Они вызывают у нас смешанные чувства: любопытство, брезгливость, жалость, раздражение — и желание отстраниться, не смотреть. Странный внешний вид, неопрятная или вычурная одежда, замедленные движения или беспорядочная жестикуляция, пристальный или, наоборот, ускользающий взгляд…

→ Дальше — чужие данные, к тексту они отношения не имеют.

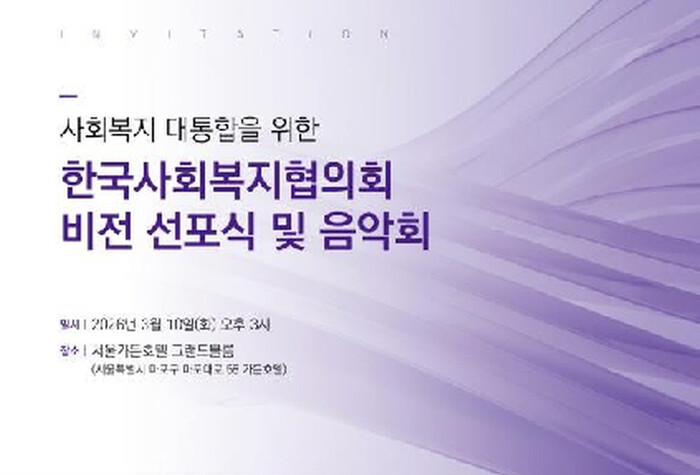 [시민일보=문찬식 기자] 한국사회복지협의회가 오는 10일 오후 3시 서울가든호텔 그랜드볼룸에서 사회복지 대통합을 위한 비전 선포식 및 음악회를 개최한다.

Жизнь душевнобольных людей полна страхов, неконтролируемых аффектов, спутанных мыслей. Они могут видеть образы, слышать звуки, которых не существует в реальности, их мысли и поступки подчинены странной, причудливой логике. Однако, несмотря на этот внутренний хаос, им удается сохранять человеческое достоинство и надежду на понимание. Почему же нам так сложно испытывать к ним сочувствие? Почему вместо этого у нас возникает желание не знать, забыть, не думать?
Свои и чужие
Безумие пугает. Во-первых, потому, что ассоциируется с насилием. И не всегда ошибочно. Если даже убийства с целью ограбления совершаются гораздо чаще, чем преступления в припадке безумия, психиатрам все же известно, как легко психически неуравновешенный человек, в приступе паранойи преследуемый воображаемыми врагами, может превратиться в преступника.
Если поведение человека не соответствует общепринятым правилам, он воспринимается как чужой
Кроме того, вид и поведение душевнобольных людей становятся вызовом общественным нормам, предписывающим соблюдать правила поведения, контролировать эмоции. Мы стараемся следовать этим предписаниям, и все, что выходит за их рамки, настораживает и раздражает. А люди с психическими проблемами так на нас не похожи: мы не можем понять, что происходит в их внутреннем мире, что побуждает их к неадекватному, с нашей точки зрения, поведению. Именно эта непохожесть вызывает напряжение и страх.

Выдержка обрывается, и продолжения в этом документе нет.